Serve with white rice (we love pouring the extra Bourbon sauce over it)! This dish reheats well the next day in a skillet on low heat. 
Keyword 30 minutes, chicken, Chinese, easy

Ground Beef Bulgogi Plate

This ground beef Bulgogi plate is a super easy and quick meal yet looks and tastes like a dish from an upscale Korean restaurant! You can use ground beef or cut up pieces of beef (steak) for this recipe. I prefer to use ground beef because it’s easier. I got this amazing recipe from our friend Dre and it’s frequently on our weeknight menu.

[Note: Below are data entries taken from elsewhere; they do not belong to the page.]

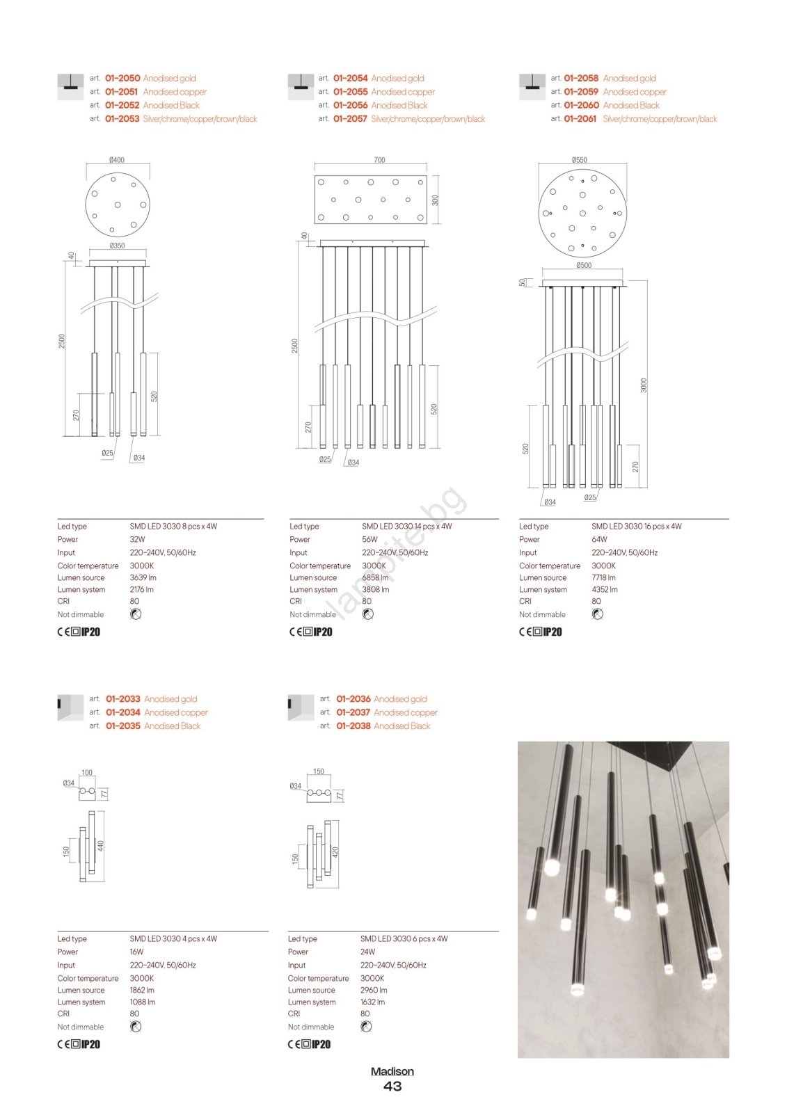 • Redo 01-2053 - LED Пендел MADISON 8xLED/4W/230V лъскав хром/черен/меден
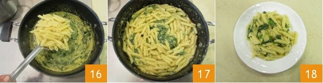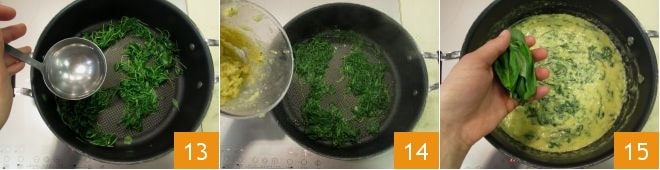 Lassen Sie den Rucola für ein paar Minuten zusammenfallen, indem Sie mit einem Schöpflöffel Nudelwasser helfen 13. Sobald der Rucola zusammengefallen ist, fügen Sie die Kichererbsencreme 14 und weitere Basilikumblätter hinzu 15.
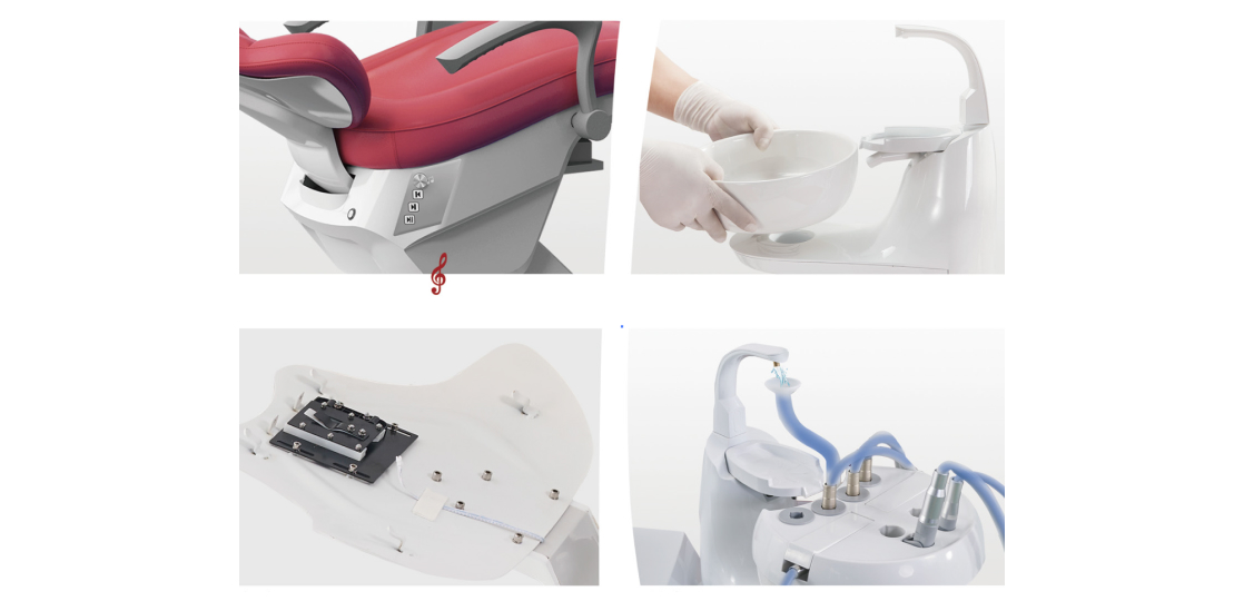 Панель управления Touch Screen всеми функциями установки, управление микромотором и скайлером непосредственно с модуля врача

I hope you love this recipe just as much as we do!

Ground Beef Bulgogi Plate

This ground beef Bulgogi plate is a super easy and quick meal yet looks and tastes like a dish from a restaurant! You can use ground beef or cut up pieces of beef (steak) for this recipe. I love how versatile this dish is, everyone gets to build their own perfect plate.
Prep Time 15 mins
Cook Time 20 mins
Total Time 35 mins
Course Main Course
Cuisine Korean
Servings 4

Ingredients
  

  • 1 LB Ground Beef
  • 4-5 Carrots peeled, cut into thick matchsticks
  • 1/2 Cup Korean BBQ Bulgogi Sauce from the Asian market
  • 1/4 Cup Soy Sauce
  • 1 tsp Sesame Oil
  • 1 Bunch Cilantro finely chopped
  • 1 Bunch Scallions finely chopped
  • 2 Cups Jasmine Rice cooked according to package instructions
  • 4 TBS Olive Oil divided, for cooking
  • Korean Gochujang Brown Rice Red Pepper Paste from the Asian Market, optional, for serving

Instructions
 

  • Chop up the carrots into large matchstick pieces, toss on a baking sheet with 3 TBS olive oil and salt to taste. Bake on 400 degrees for 20-30 mins, until carrots are soft. Meanwhile move on to next steps!
  • Cook 2 Cups Jasmine rice according to package instructions. Cover and set aside.
  • In a large frying pan, on medium heat, add 1 TBS olive oil then add the ground beef. When the ground beef is almost done cooking, add Korean BBQ Bulgogi sauce, Soy sauce, and Sesame oil. Cook until the ground beef is well cooked through. Cover with lid and set aside.
  • Finely chop 1 bunch cilantro and 1 bunch scallions. Put both into a plate. These will be served on the side as garnishes to serve the Bulgogi with.
  • Serve everything on the table and everyone can build their own perfect Bulgogi plate! This is not only a fun way to serve Bulgogi but makes storing leftovers easy too. I add 1 tsp of the Gochujang paste (for a spicy kick, totally optional) and mix everything together for the perfect Bulgogi plate!